**TO DO**:
Pictures stay out of this copy, which runs from the first line of the material through the line containing "環(huán)境管理體系認(rèn)證證書".

**MATERIAL PROVIDED**:
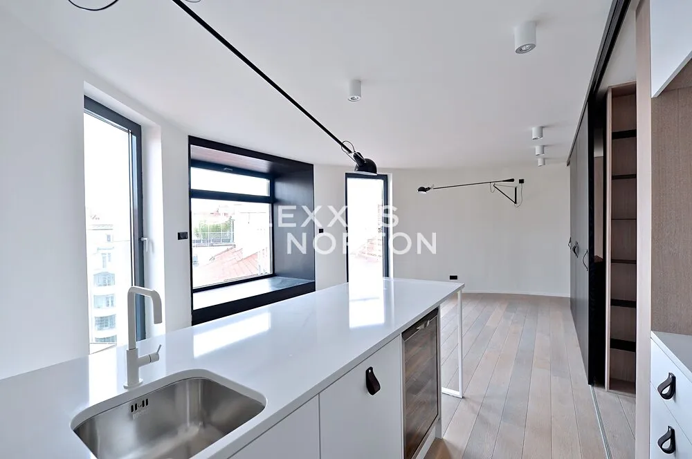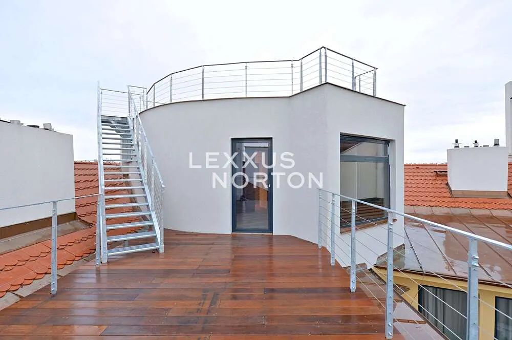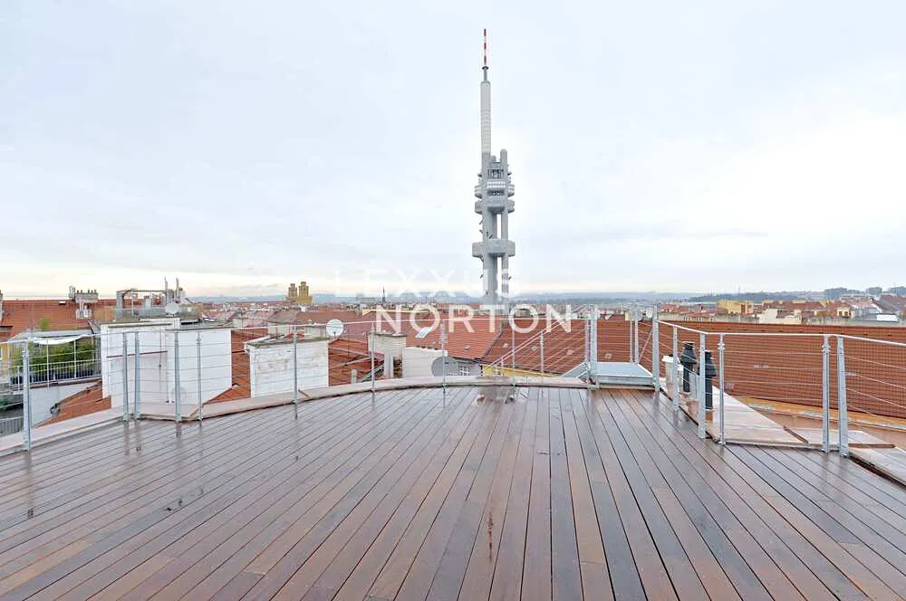 Nabízíme prostorný částečně zařízený byt 2+kk o velikosti 60 m2, který doplňují 2 velkorysé terasy (40 m2 a 60 m2) s výhledy na nejkrásnější místa Prahy a rezidenční atmosférou, umístěný v 5. patře domu s výtahem.
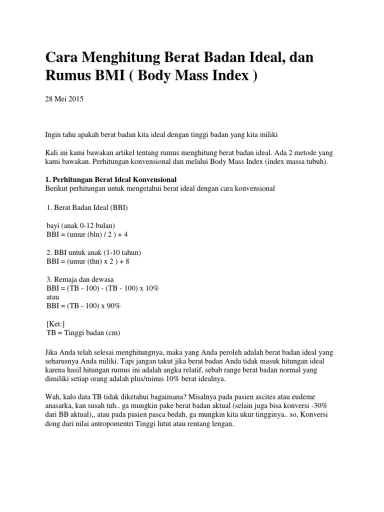 Perlu anda ketahui bahwa sebenarnya untuk mengetahui berat tubuh ideal ada rumus yang bisa anda manfaatkan seperti misalnya rumus bmi dan brocha. Cara menghitung berat badan ideal dengan rumus broca · pria: Selain berat badan, anda juga wajib mengetahui indeks massa . Ketiga cara tersebut digunakan untuk menghitung berat badan ideal orang dewasa. Tinggi badan (cm) · contoh:
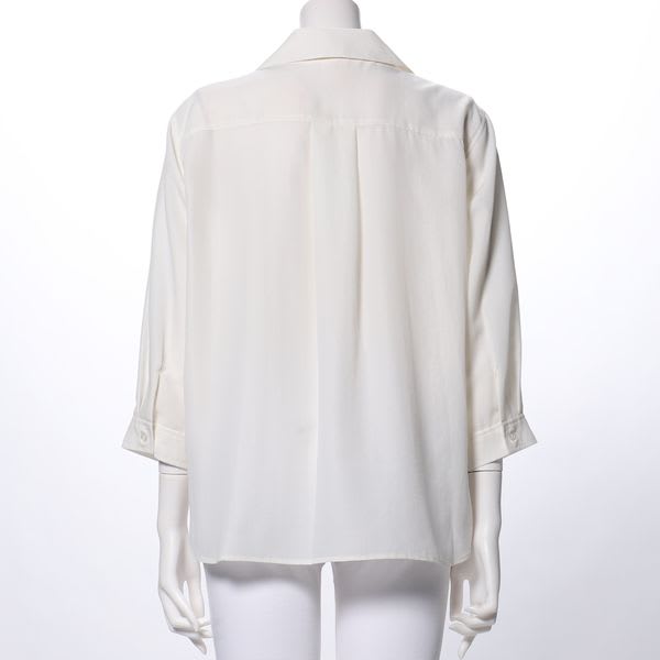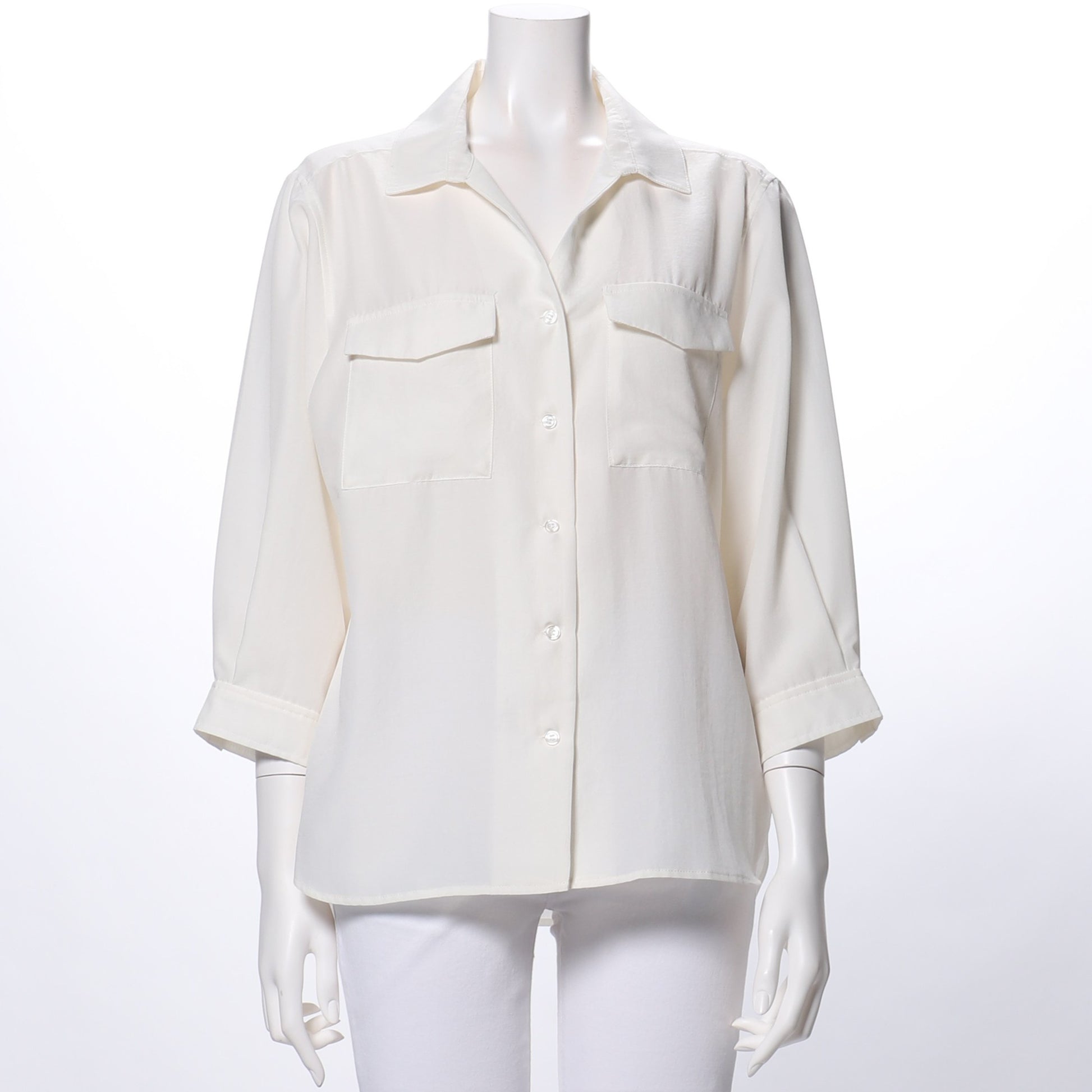 フラップポケット付きのスキッパーブラウスです。テーパードパンツとフラットパンプスを合わせてキレイめカジュアルなスタイルや、タイトスカートとポインテッドトゥパンプスを合わせてレディライクなスタイルも素敵ですよ。
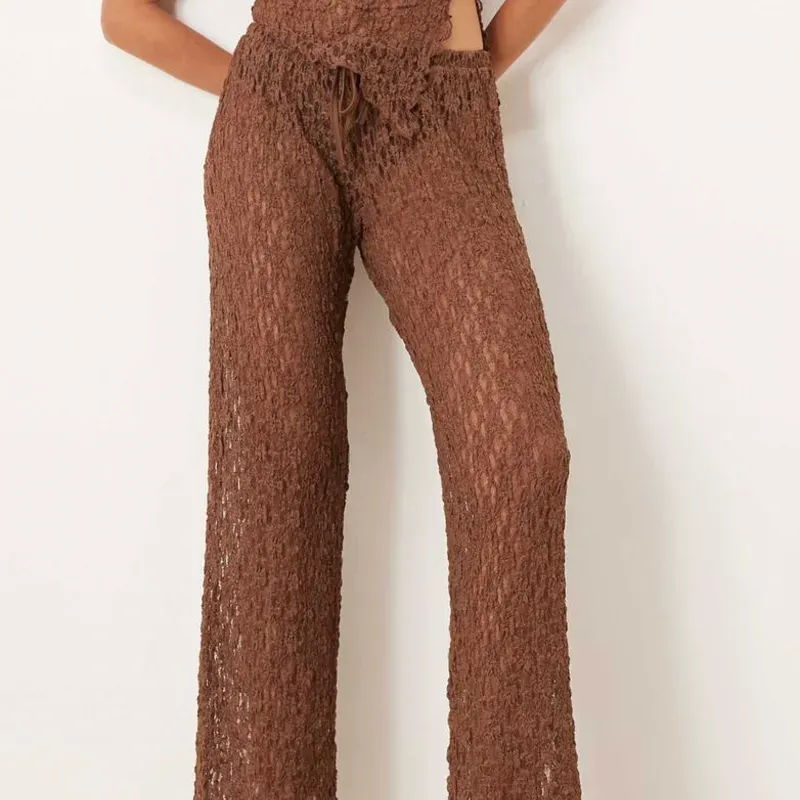 PANTALONES MARRONES DE TALLE MEDIO Y PERNERA ANCHA PARA FESTIVALES
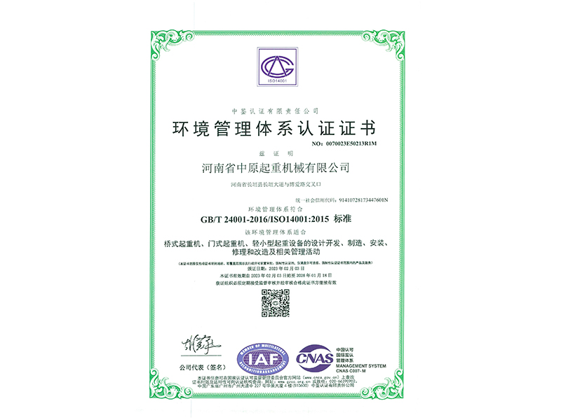 環(huán)境管理體系認(rèn)證證書
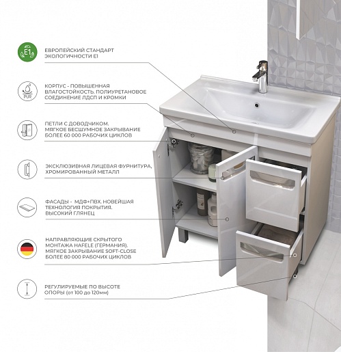 В комплекте: тумба, раковина, ножка (4 шт.).
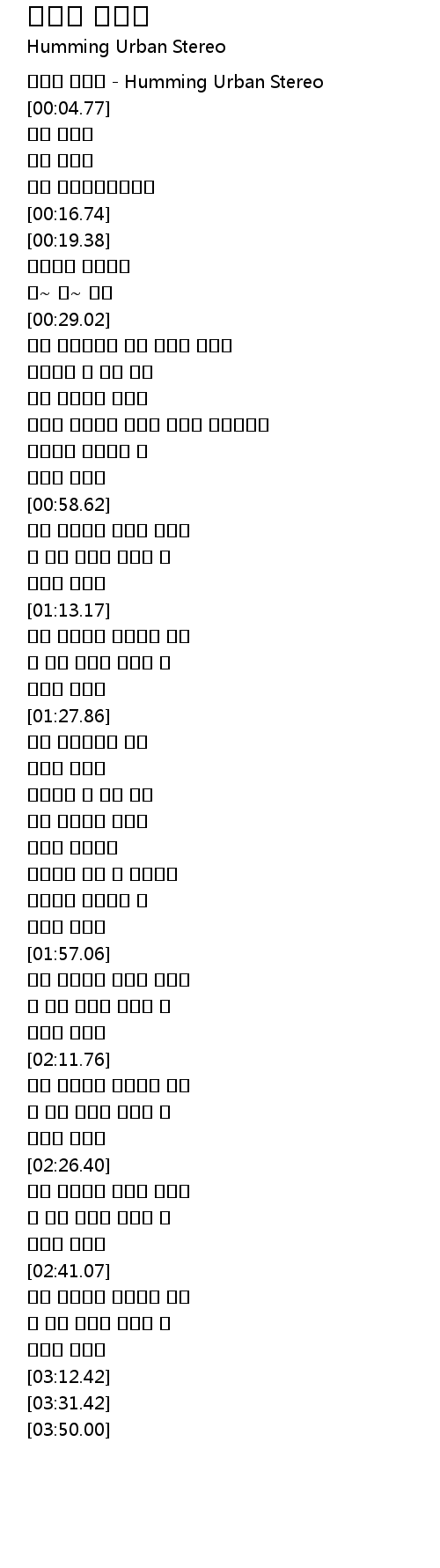 | [00:01.79] | 샐러드 기념일 - Humming Urban Stereo |
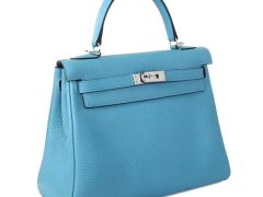 Hermès(爱马仕)kelly 凯莉包 松石蓝 Togo 银扣 28cm
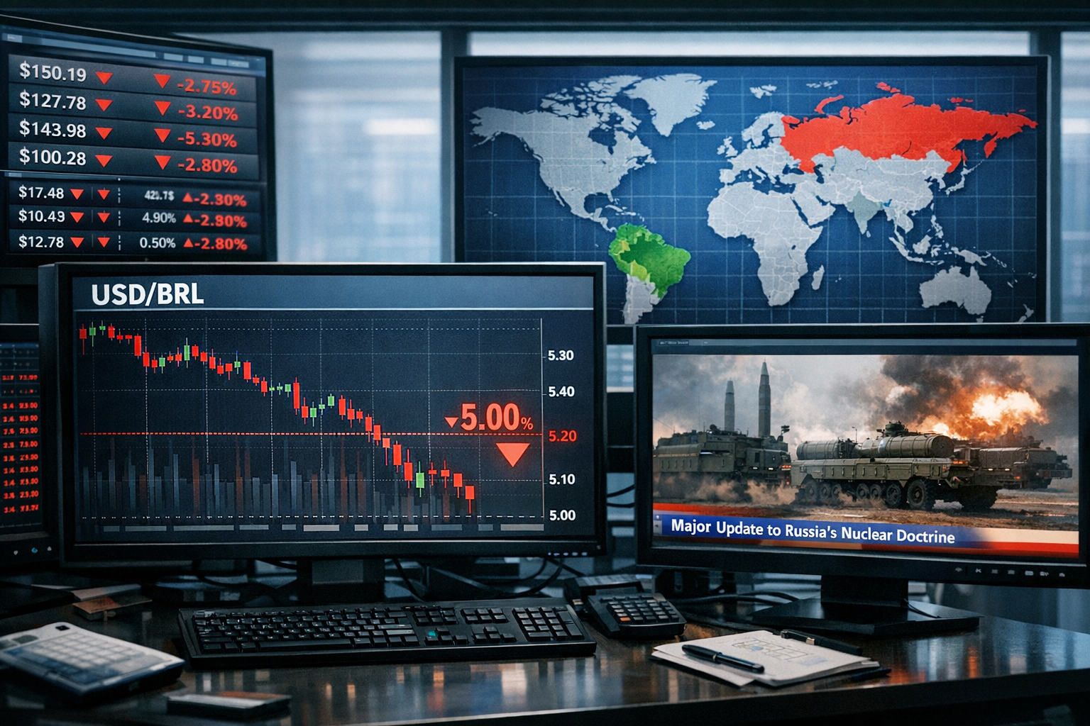 O movimento ocorre em meio ao aumento da aversão ao risco nos mercados globais, após relatos de que Vladimir Putin atualizou a doutrina nuclear da Rússia, segundo o MarketWatch. Ao mesmo tempo, o real encontra suporte em fatores locais, como expectativa de fluxo cambial positivo e reposicionamento de investidores.
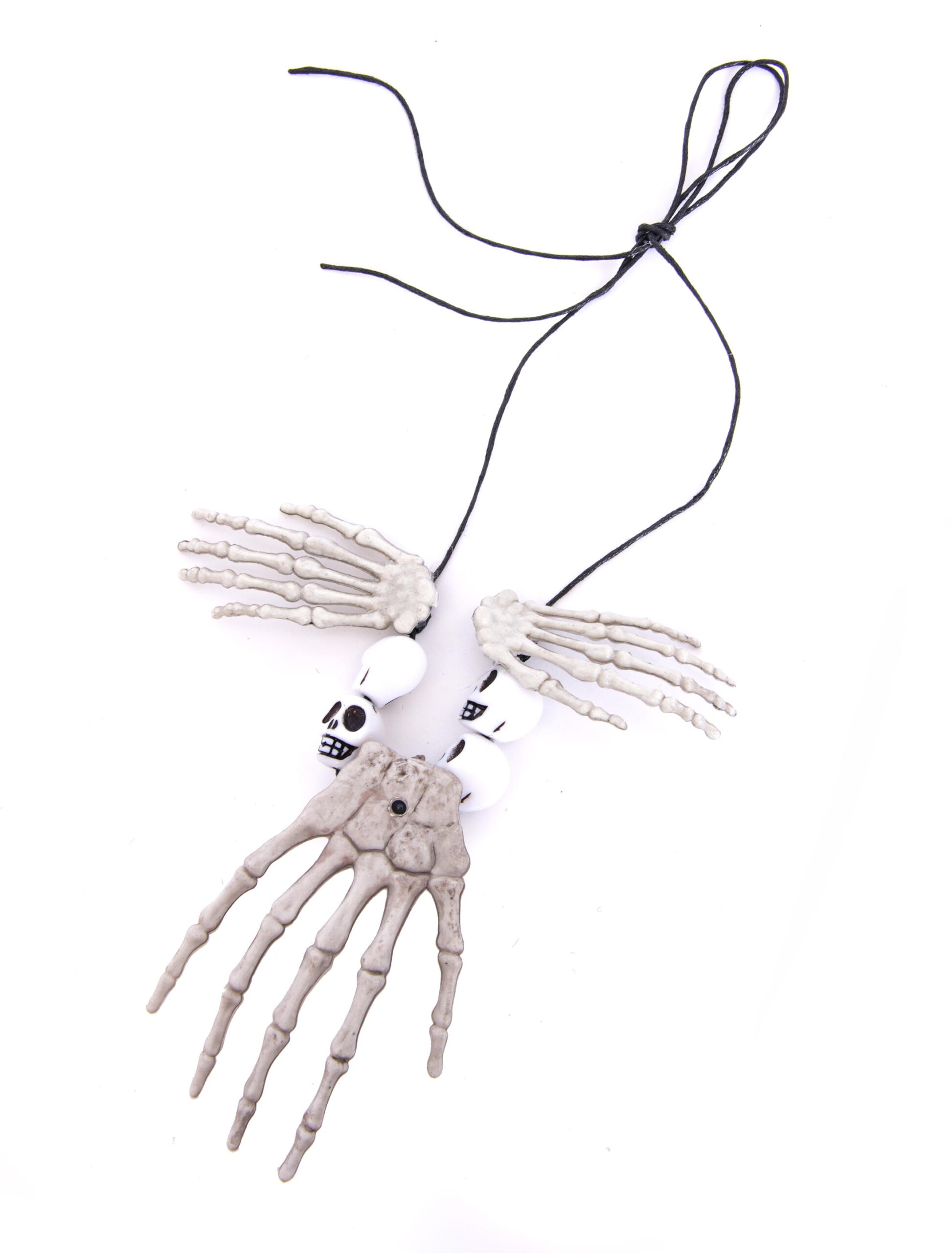 Halloween rückt näher und Du brauchst noch das ultimative Accessoire für Dein Kostüm? Diese tolle Halskette mit Skeletthänden und kleinen Schädeln wird Dich begeistern! Die Kette ist zum Binden, sodass Du sie nah am Hals oder tiefer tragen kannst. Doch auch als Dekoration am Gürtel oder am Hexenhut ist die Kette ein absoluter Blickfang.

**YOUR RESPONSE**:
 Nabízíme prostorný částečně zařízený byt 2+kk o velikosti 60 m2, který doplňují 2 velkorysé terasy (40 m2 a 60 m2) s výhledy na nejkrásnější místa Prahy a rezidenční atmosférou, umístěný v 5. patře domu s výtahem.
 Perlu anda ketahui bahwa sebenarnya untuk mengetahui berat tubuh ideal ada rumus yang bisa anda manfaatkan seperti misalnya rumus bmi dan brocha. Cara menghitung berat badan ideal dengan rumus broca · pria: Selain berat badan, anda juga wajib mengetahui indeks massa . Ketiga cara tersebut digunakan untuk menghitung berat badan ideal orang dewasa. Tinggi badan (cm) · contoh:
 フラップポケット付きのスキッパーブラウスです。テーパードパンツとフラットパンプスを合わせてキレイめカジュアルなスタイルや、タイトスカートとポインテッドトゥパンプスを合わせてレディライクなスタイルも素敵ですよ。
 PANTALONES MARRONES DE TALLE MEDIO Y PERNERA ANCHA PARA FESTIVALES
 環(huán)境管理體系認(rèn)證證書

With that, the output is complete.